*** Begin section ***

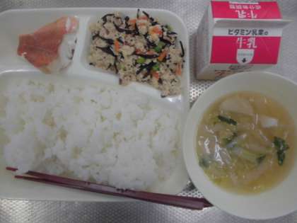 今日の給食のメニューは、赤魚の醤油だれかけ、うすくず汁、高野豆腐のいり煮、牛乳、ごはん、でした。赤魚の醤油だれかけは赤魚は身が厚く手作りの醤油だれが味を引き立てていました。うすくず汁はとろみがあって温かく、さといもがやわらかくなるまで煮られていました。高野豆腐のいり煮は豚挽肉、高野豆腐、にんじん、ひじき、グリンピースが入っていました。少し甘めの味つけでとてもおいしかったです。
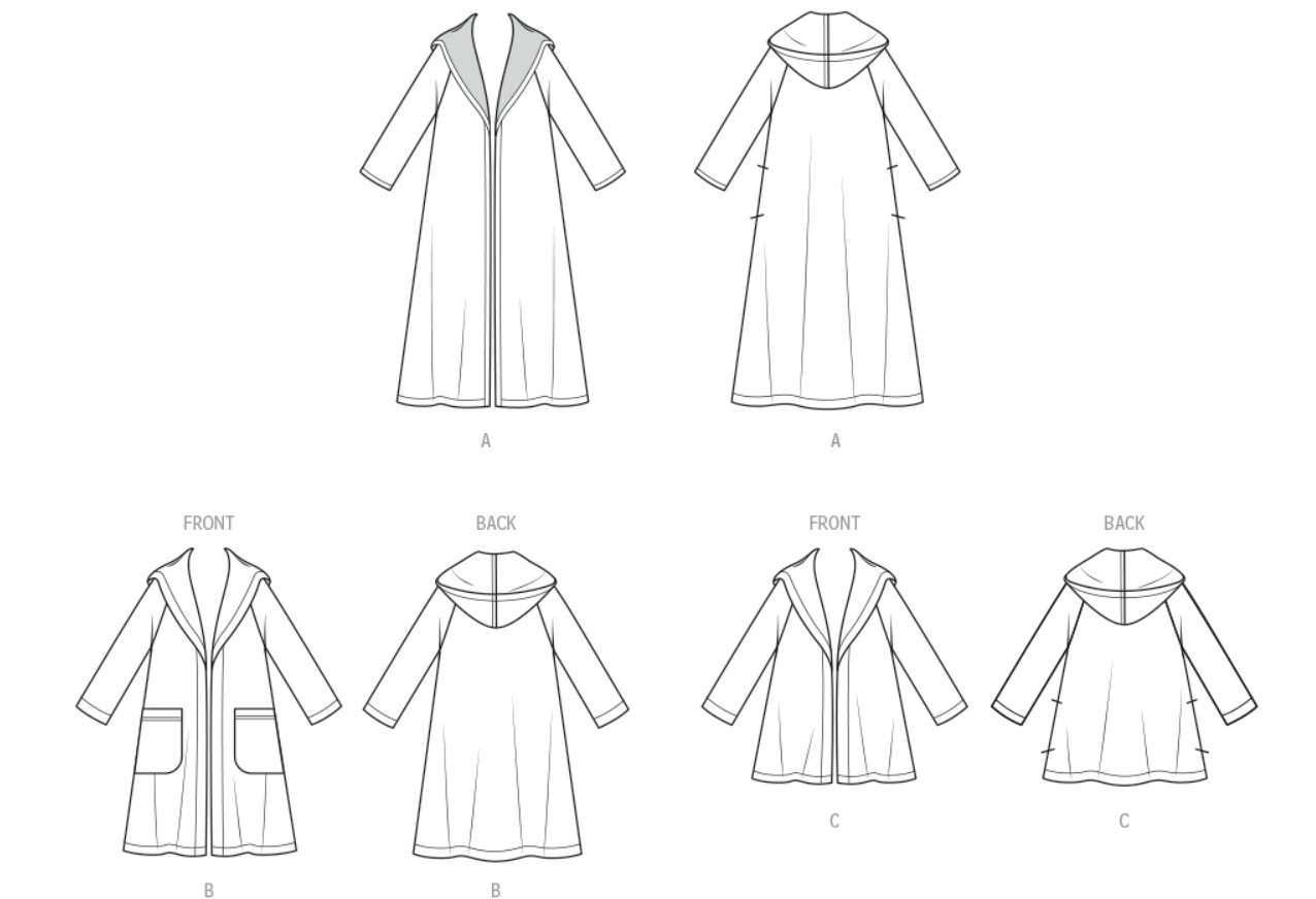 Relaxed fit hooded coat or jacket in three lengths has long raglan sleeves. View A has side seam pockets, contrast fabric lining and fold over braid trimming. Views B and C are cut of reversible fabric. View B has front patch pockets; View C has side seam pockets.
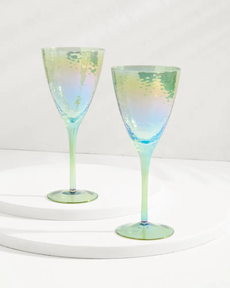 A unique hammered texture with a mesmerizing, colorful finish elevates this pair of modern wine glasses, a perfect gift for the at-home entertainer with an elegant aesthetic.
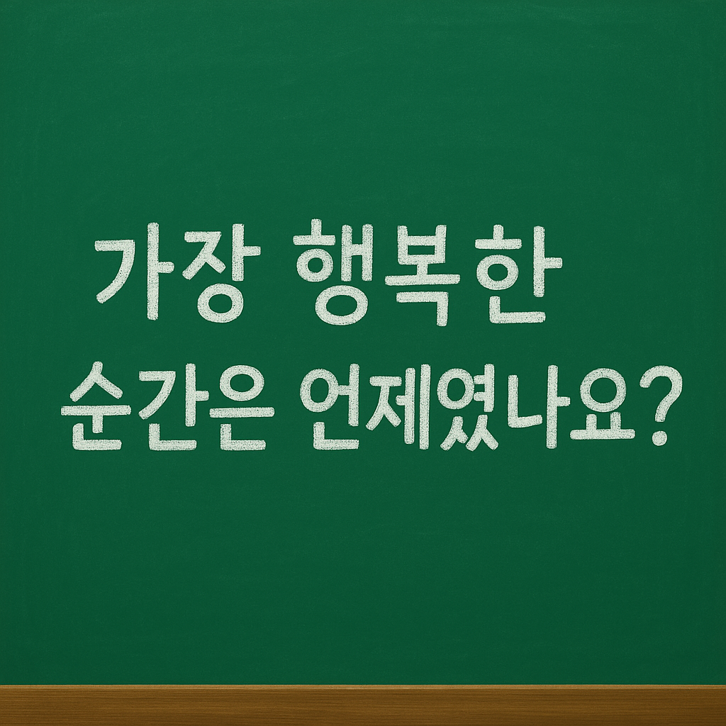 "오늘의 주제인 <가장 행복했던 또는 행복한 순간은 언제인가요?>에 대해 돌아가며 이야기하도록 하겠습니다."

*** End section ***

▶ About this task: With the pictures left out, return all the material above exactly.

▶ Exercise solution:
 今日の給食のメニューは、赤魚の醤油だれかけ、うすくず汁、高野豆腐のいり煮、牛乳、ごはん、でした。赤魚の醤油だれかけは赤魚は身が厚く手作りの醤油だれが味を引き立てていました。うすくず汁はとろみがあって温かく、さといもがやわらかくなるまで煮られていました。高野豆腐のいり煮は豚挽肉、高野豆腐、にんじん、ひじき、グリンピースが入っていました。少し甘めの味つけでとてもおいしかったです。
 Relaxed fit hooded coat or jacket in three lengths has long raglan sleeves. View A has side seam pockets, contrast fabric lining and fold over braid trimming. Views B and C are cut of reversible fabric. View B has front patch pockets; View C has side seam pockets.
 A unique hammered texture with a mesmerizing, colorful finish elevates this pair of modern wine glasses, a perfect gift for the at-home entertainer with an elegant aesthetic.
 "오늘의 주제인 <가장 행복했던 또는 행복한 순간은 언제인가요?>에 대해 돌아가며 이야기하도록 하겠습니다."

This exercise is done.